## Task requirements
Nothing but the lines from the one holding "Yxy 34.763,0.299,0.284 Color" through the last line of the material below should be set down, exactly and without images.

====================

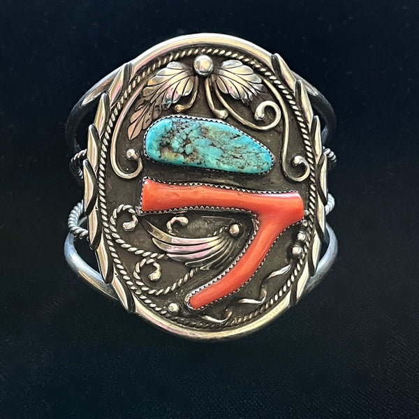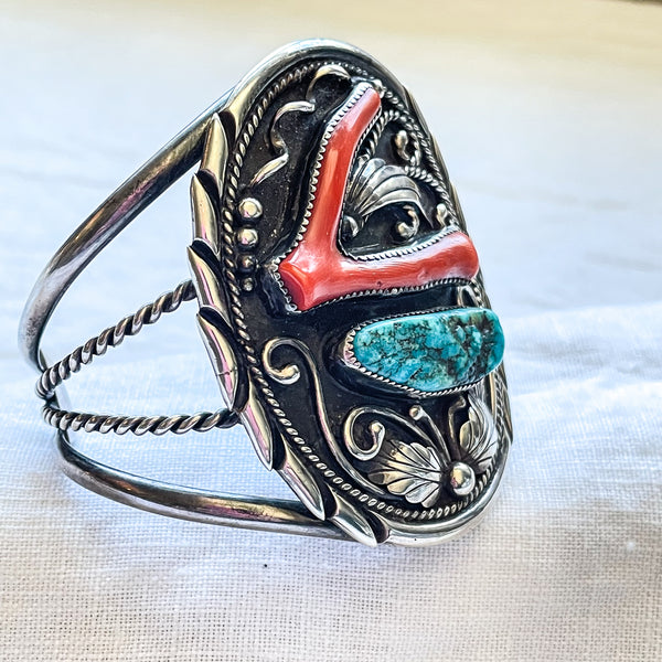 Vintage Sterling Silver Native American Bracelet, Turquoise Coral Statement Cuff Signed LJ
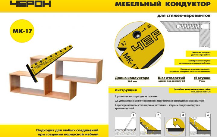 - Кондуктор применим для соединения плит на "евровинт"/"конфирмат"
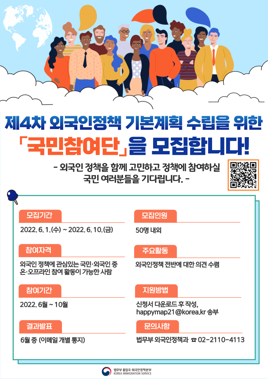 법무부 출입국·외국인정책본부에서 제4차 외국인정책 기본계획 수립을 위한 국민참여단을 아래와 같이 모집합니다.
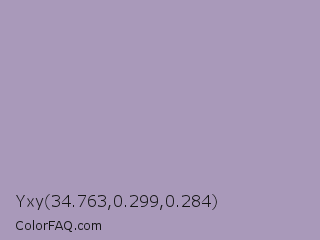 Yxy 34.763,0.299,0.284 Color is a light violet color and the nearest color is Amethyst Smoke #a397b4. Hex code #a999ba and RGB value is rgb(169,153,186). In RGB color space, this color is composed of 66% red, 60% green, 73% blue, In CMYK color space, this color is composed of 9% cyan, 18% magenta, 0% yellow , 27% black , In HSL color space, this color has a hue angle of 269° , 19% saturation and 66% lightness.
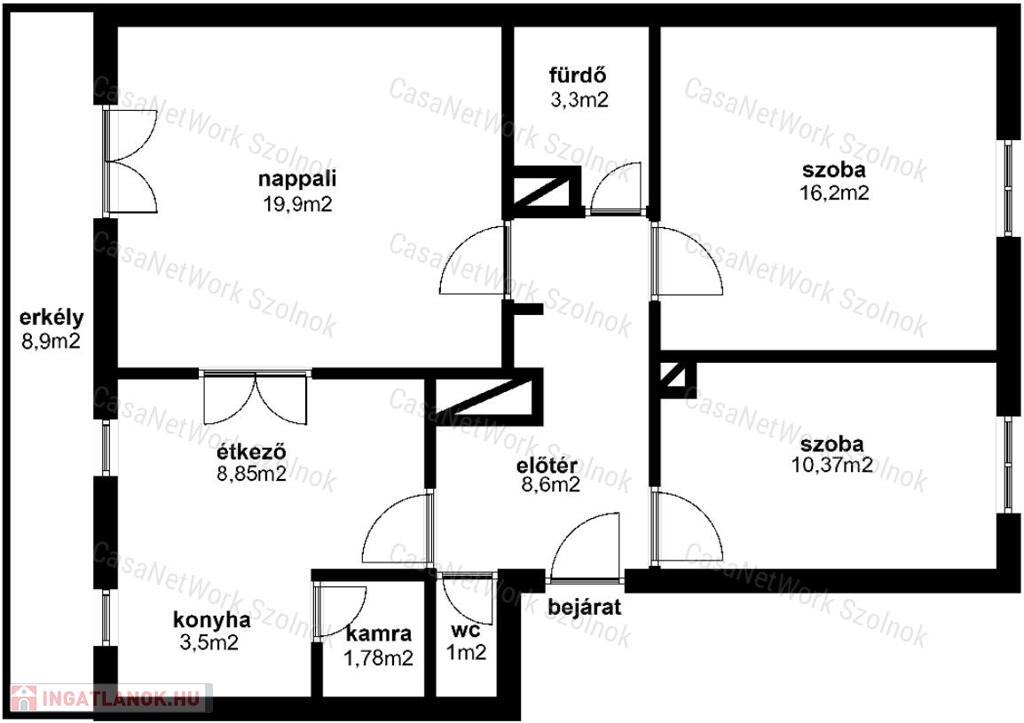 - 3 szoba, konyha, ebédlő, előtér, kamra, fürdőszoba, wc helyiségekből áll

====================

## Answer box
 Yxy 34.763,0.299,0.284 Color is a light violet color and the nearest color is Amethyst Smoke #a397b4. Hex code #a999ba and RGB value is rgb(169,153,186). In RGB color space, this color is composed of 66% red, 60% green, 73% blue, In CMYK color space, this color is composed of 9% cyan, 18% magenta, 0% yellow , 27% black , In HSL color space, this color has a hue angle of 269° , 19% saturation and 66% lightness.
 - 3 szoba, konyha, ebédlő, előtér, kamra, fürdőszoba, wc helyiségekből áll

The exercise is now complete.